Comment by JumpCrisscross

11 days ago

> sounds all very unsubstantiated. Speculation it seems to me

What part of the study strikes you as unsubstantiated?

Every part is unsubstantiated. For starters, for the vast majority of H. Sapiens existence on earth--from 300,000 years ago to about 45,000 years ago, we shared the world with 4 or 5 other hominids that we know about. (Neanderthal, Denisoven, H. Luzonensis, H. Floresiensis, and still perhaps a few H. Erectus, and no doubt even more we haven't found yet.)

That's 250,000 years of coexistence. We know that we sheboinked with at least two other species, probably more, because we still carry their genes to this day. So much so that it couldn't have been just a sheboink or two; we sheboinked over extended periods of time, i.e. we formed families with Neanderthals and Denisovens.

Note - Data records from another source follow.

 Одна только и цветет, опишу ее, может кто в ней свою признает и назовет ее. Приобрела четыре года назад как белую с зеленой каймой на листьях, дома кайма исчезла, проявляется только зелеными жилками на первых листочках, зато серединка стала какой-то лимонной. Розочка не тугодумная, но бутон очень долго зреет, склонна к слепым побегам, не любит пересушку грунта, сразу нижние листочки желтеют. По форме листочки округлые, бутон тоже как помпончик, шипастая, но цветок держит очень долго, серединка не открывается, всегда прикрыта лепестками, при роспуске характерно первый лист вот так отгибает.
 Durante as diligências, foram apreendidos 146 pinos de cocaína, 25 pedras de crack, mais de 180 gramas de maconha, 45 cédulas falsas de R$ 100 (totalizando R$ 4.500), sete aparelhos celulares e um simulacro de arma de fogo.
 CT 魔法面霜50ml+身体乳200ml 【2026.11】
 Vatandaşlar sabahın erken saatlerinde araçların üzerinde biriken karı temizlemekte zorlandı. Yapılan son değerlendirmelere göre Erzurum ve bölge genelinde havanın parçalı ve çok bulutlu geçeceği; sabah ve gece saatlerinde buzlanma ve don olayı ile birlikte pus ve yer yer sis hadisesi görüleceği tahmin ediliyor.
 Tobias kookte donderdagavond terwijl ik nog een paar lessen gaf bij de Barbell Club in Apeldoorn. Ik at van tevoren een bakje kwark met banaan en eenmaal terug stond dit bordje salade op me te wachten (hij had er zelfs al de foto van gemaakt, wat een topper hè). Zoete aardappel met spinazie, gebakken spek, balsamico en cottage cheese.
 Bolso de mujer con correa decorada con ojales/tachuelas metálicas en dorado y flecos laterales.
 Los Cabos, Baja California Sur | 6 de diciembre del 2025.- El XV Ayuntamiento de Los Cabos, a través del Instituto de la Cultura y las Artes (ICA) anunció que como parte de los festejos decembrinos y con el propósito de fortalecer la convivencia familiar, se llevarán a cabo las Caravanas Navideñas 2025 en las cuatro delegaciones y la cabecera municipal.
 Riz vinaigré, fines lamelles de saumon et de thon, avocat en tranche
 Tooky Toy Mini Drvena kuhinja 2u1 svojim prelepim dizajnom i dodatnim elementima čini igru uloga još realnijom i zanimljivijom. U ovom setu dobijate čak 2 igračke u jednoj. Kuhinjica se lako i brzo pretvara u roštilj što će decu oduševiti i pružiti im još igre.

We have no evidence of warfare between the species. I.E. We have found no Neanderthal skull with an arrowhead in it, for example. Besides the fact that we are the only ones left, I don't see any substantiation at all.

It is a mystery why they are not still here. But the last 50,000 years, since the end of the last Ice Age, has been very hard on human species, for some reason. We are the only humans left, what every got them might get us too if we let it.

  • > We have no evidence of warfare between the species.

    Thats not correct.

    We have a neanderthal slain by spear, at a time and place where it was only carried by modern humans. [0]

    This isn't a singular event. We have a history on injuries consistent with war, on both sides.

    Yes, we "sheboinked". We also took women as prizes of war and raped them. As humanity has continued to do for most of their history.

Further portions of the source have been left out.